The camera transmits the video back to the terminal processor through the network cable, and the terminal processor analyzes the video by using the ponding detection model. Meanwhile, a ponding detection threshold value needs to be preset, and the detection frame score, the mask score and the threshold value output by the model are judged. And if the detection score and the mask score exceed the threshold value, judging that the detection frame and the mask are an effective detection frame and an effective mask, and simultaneously outputting the coordinates of the detection frame and the coordinates of the mask (namely the specific position coordinates of the water accumulation area).
The detection picture is automatically stored, the coordinates of the detection frame, the detection time and the detection address are displayed on the display screen in a text and picture mode, and therefore the detection picture is convenient for workers to browse and check.
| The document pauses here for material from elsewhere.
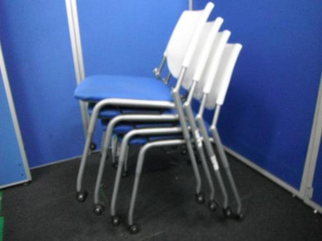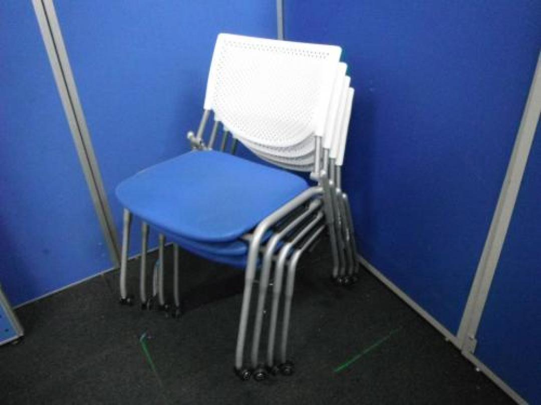 ■状態良好■オカムラ製スタッキングチェアが入荷。人気のブルー&ホワイト色。ミーティングなどにいかがでしょう。【会議チェア】- 池袋店

The technical scheme of the invention can be used in any scene with cameras, including but not limited to highways, street roads, commercial districts, parks, scenic spots and the like. The video is returned only through the network cable, and the road water accumulation area can be obtained by utilizing the terminal processor to analyze the video and judge the threshold value, so that the method has stronger expansibility and portability. The false detection rate can be effectively reduced through repeated training of the wrong samples, so that the method has high reliability and stability. Meanwhile, the information is automatically stored comprehensively, and the staff can conveniently browse and check the information.
The above description is only for the specific embodiment of the present invention, but the scope of the present invention is not limited thereto, and any changes or substitutions that can be easily conceived by those skilled in the art within the technical scope of the present invention are included in the scope of the present invention. Therefore, the protection scope of the present invention shall be subject to the protection scope of the claims.